- Data to process
____
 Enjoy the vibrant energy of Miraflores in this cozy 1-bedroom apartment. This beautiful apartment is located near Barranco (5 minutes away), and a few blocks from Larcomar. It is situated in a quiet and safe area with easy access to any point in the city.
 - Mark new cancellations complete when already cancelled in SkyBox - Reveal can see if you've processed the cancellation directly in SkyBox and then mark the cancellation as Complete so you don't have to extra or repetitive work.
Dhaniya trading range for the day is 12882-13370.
____
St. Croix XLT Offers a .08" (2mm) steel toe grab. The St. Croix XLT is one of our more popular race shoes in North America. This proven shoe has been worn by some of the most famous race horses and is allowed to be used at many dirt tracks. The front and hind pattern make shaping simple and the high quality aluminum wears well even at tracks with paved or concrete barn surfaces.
____
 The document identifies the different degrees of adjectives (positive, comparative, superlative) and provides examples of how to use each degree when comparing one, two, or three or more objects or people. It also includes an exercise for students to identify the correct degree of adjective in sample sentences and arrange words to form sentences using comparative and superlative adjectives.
____
- The task
Return word for word the lines above from the line with "Enjoy the vibrant" to the line with "Dhaniya trading range", including both and leaving out all others.

- Response area
 Enjoy the vibrant energy of Miraflores in this cozy 1-bedroom apartment. This beautiful apartment is located near Barranco (5 minutes away), and a few blocks from Larcomar. It is situated in a quiet and safe area with easy access to any point in the city.
 - Mark new cancellations complete when already cancelled in SkyBox - Reveal can see if you've processed the cancellation directly in SkyBox and then mark the cancellation as Complete so you don't have to extra or repetitive work.
Dhaniya trading range for the day is 12882-13370.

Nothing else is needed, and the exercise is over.